# Largest ballooner



## Skiptoothgrin (Jun 26, 2018)

This may be an unanswerable question but here goes anyway. 
Which bike or bikes have the tallest seatpost and also greatest distance from headstock to seatpost? 
I'm brand new to all this but lots of the bikes posted look very short in both directions.


----------



## JRE (Jun 26, 2018)

Shelby Airflow and Hawthorns with a a Zep style frame fit me pretty good. I.m 6'1"


----------



## JRE (Jun 26, 2018)

My Hawthorn


----------



## fordmike65 (Jun 26, 2018)

JRE said:


> My Hawthorn View attachment 829724



These are one of the shortest framed bikes out there. I've ridden a couple no more than a few blocks before my back & knees were killing me. Same goes for the Shelby wishbone frames.

BTW, I'm 6'4"


----------



## JRE (Jun 26, 2018)

fordmike65 said:


> These are one of the shortest frames bikes out there. I've ridden a couple no more than a few blocks before my back & knees were killing me. Same goes for the Shelby wishbone frames.

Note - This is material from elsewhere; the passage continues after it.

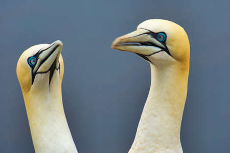 Portrait of pair of Northern Gannet, Sula bassana, Two birds love in soft light, animal love behavior. Soft light in high-key.
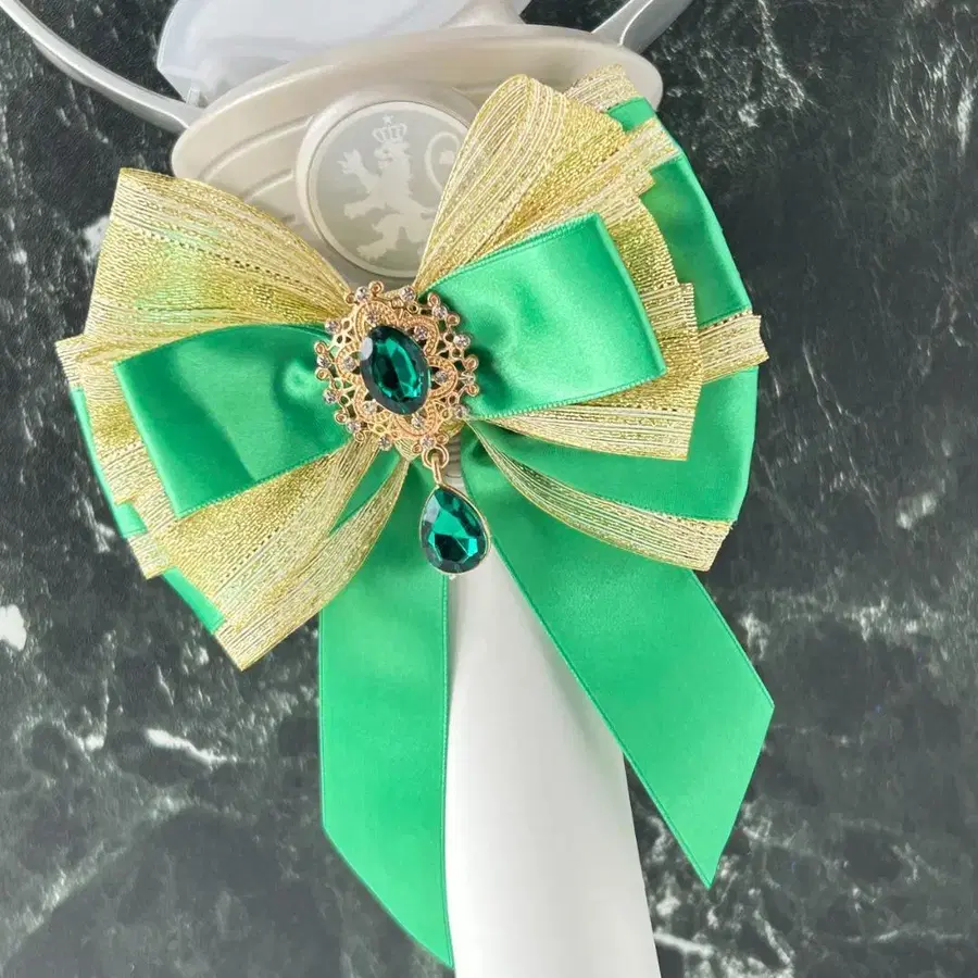 광택이 있는 그린 새틴 리본

Hmm  fits me good but I need to look for a longer frame also lol


----------



## fordmike65 (Jun 26, 2018)

JRE said:


> Hmm  fits me good but I need to look for a longer frame also lol



I do agree that they are long frames, especially in the "cockpit", but they are quite short. You'd have to use a loooong seatpost jacked up to Jesus to make them comfortable, but then they just look rediculous.


----------



## JRE (Jun 26, 2018)

fordmike65 said:


> I do agree that they are long frames, especially in the "cockpit", but they are quite short. You'd have to use a loooong seatpost jacked up to Jesus to make them comfortable, but then they just look rediculous.

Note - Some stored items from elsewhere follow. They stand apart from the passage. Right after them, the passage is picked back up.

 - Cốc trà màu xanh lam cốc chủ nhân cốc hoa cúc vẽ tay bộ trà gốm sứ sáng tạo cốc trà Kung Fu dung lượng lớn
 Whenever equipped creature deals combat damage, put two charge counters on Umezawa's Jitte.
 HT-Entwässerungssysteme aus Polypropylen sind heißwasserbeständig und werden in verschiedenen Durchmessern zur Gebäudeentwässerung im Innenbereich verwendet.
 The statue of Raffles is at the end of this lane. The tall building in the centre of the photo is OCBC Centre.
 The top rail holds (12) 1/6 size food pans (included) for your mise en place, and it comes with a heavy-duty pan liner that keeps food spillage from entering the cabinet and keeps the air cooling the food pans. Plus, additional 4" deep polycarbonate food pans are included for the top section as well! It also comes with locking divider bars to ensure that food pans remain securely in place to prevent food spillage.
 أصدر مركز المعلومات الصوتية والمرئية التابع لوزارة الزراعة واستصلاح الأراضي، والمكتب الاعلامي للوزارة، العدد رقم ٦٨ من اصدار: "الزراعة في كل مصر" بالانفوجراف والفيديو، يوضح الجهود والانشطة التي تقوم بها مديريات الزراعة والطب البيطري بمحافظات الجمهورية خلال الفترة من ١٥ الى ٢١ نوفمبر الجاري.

Lol took my Hawthorn on a 13 mile ride last weekend and felt ok but had the wife with me so it was a slow ride. I want to find Lwb Colson project bike and see if it's got a tiny bit more room.


----------



## JRE (Jun 26, 2018)

How tall are you Skiptoothgrin


----------



## cyclingday (Jun 26, 2018)

The Shelby Airflo frames have a long front section, but a short seat tube, so they are long and low.
I kind of like that, but definitely not the one, if you're looking to stretch your legs out.
The long wheel base Colson doesn't make any sense at all, because it's got a longer chainstay length, but still uses a standard/short top tube.
The pre war Huffman frames seem to fit me the best. I'm just about six foot even with a 36" inseam.
The Westfield's have a really comfortable geometry and seem to be more readily available in the tall form.
I'm not as big a fan of their styling as opposed to some of the other brands, but a better riding bike is hard to find.
Now we come to the postwar Schwinn B6.
Best looking/built/riding bike hands down.
In my humble opinion of course. Lol!
You can't go wrong with a B6.
Readily available, in just about any color combination you can imagine.
Especially, if you like maroon.


----------



## saladshooter (Jun 26, 2018)

Elgin Twinbars are long wheelbase.


----------



## fordmike65 (Jun 26, 2018)

saladshooter said:


> Elgin Twinbars are long wheelbase.View attachment 829732



...and also short. Great looking bikes, but not a comfortable ride for us tall folk.


----------



## fordmike65 (Jun 26, 2018)

Most prewar bicycle manufactures offered larger 20" seat tube frames including Scwhinn, Colson, Westfield & Snyder. Unfortunately, they don't seem to be any roomier in the cockpit area where you kinda need it. Many of the taller frames look a lil funky because the geometry is thrown off by a taller frame without lengthening the wheelbase. The LWB Colson is longer in the rear triangle/chainstay area to make the bike look more proportional.


----------



## WetDogGraphix (Jun 26, 2018)

fordmike65 said:


> Most prewar bicycle manufactures offered larger 20" seat tube frames including Scwhinn, Colson, Westfield & Snyder. Unfortunately, they don't seem to be any roomier in the cockpit area where you kinda need it. Many of the taller frames look a lil funky because the geometry is thrown off by a taller frame without lengthening the wheelbase. The LWB Colson is longer in the rear triangle/chainstay area to make the bike look more proportional.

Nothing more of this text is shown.